Sum Root to Leaf Numbers - shilpathota/99-leetcode-solutions GitHub Wiki

Sum Root to Leaf Numbers

Leet code link - https://leetcode.com/problems/sum-root-to-leaf-numbers/description/

Complexity - Medium

Description

You are given the root of a binary tree containing digits from 0 to 9 only.

Each root-to-leaf path in the tree represents a number.

For example, the root-to-leaf path 1 -> 2 -> 3 represents the number 123. Return the total sum of all root-to-leaf numbers. Test cases are generated so that the answer will fit in a 32-bit integer.
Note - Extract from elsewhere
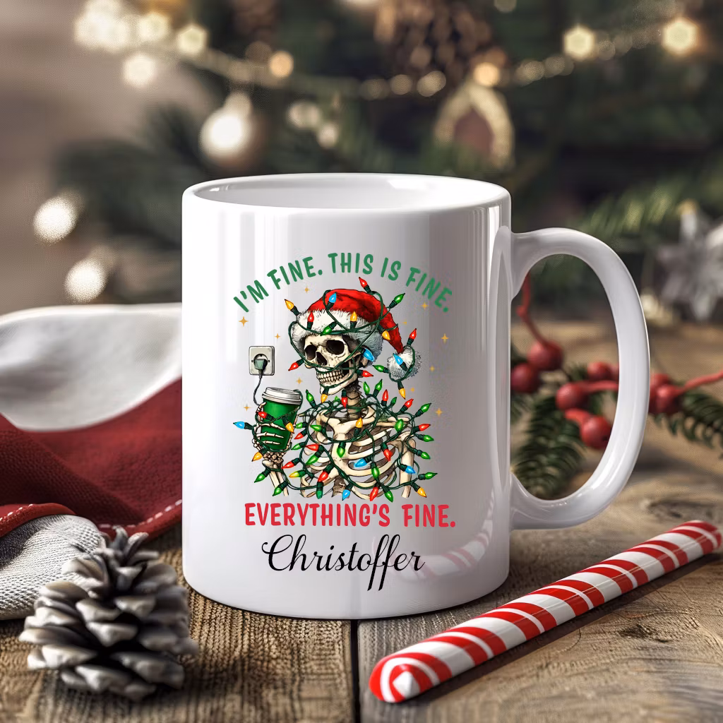 Ge din morgonkaffe eller te en dos humor och lite mörk julstämning med denna unika mugg. Med ett skelett intrasslat i en ljusslinga och en takeawaymugg i handen, samt den självironiska texten "I’m fine. This is fine. Everything’s fine.", är det här den perfekta muggen för den som ser det komiska i livets kaos. Dessutom kan du göra den ännu mer personlig genom att lägga till ditt eget namn under motivet!

A leaf node is a node with no children.

Example 1:

Input: root = [1,2,3]
Output: 25
Explanation:
The root-to-leaf path 1->2 represents the number 12.
The root-to-leaf path 1->3 represents the number 13.
Therefore, sum = 12 + 13 = 25.

Example 2:

Input: root = [4,9,0,5,1]
Output: 1026
Explanation:
The root-to-leaf path 4->9->5 represents the number 495.
The root-to-leaf path 4->9->1 represents the number 491.
The root-to-leaf path 4->0 represents the number 40.
Therefore, sum = 495 + 491 + 40 = 1026.

Constraints:

The number of nodes in the tree is in the range [1, 1000].
0 <= Node.val <= 9
The depth of the tree will not exceed 10.

Solution

To solve the problem of finding the sum of numbers represented by root-to-leaf paths in a binary tree using a Depth-First Search (DFS) approach, we can follow these steps:

Use DFS Algorithm:

Implement a DFS traversal of the binary tree, starting from the root. Maintain a variable to keep track of the current number formed from the root to the current node as you traverse. DFS Recursive Function:

Define a recursive function (dfs function) that takes the current node, the current path value, and a variable to accumulate the sum of all root-to-leaf path numbers. If the current node is None, return immediately (base case for leaf nodes). Update the current path value by appending the current node's value (e.g., path_sum = path_sum * 10 + node.val). If the current node is a leaf node (i.e., it has no children), add the path_sum to the sum. Recursively call the function for the left and right children of the current node, passing the updated path_sum. Initialize and Call the DFS Function:

Start the DFS traversal from the root node with an initial path of 0. Accumulate the sum of all root-to-leaf path numbers using the DFS function. Return the Result:

After the DFS traversal completes, return the accumulated sum, which represents the total sum of all root-to-leaf path numbers in the binary tree.

/**
 * Definition for a binary tree node.
 * public class TreeNode {
 *     int val;
 *     TreeNode left;
 *     TreeNode right;
 *     TreeNode() {}
 *     TreeNode(int val) { this.val = val; }
 *     TreeNode(int val, TreeNode left, TreeNode right) {
 *         this.val = val;
 *         this.left = left;
 *         this.right = right;
 *     }
 * }
 */
class Solution {
    public int dfs(TreeNode root, int pathSum){
        if(root == null) return 0;
        pathSum = pathSum*10 + root.val;
        if(root.left == null && root.right == null) return pathSum;
        return dfs(root.left,pathSum) + dfs(root.right,pathSum);

    }
    public int sumNumbers(TreeNode root) {
        return dfs(root,0);
    }
}

Complexity

Time Complexity - O(N)

Space Complexity - O(N)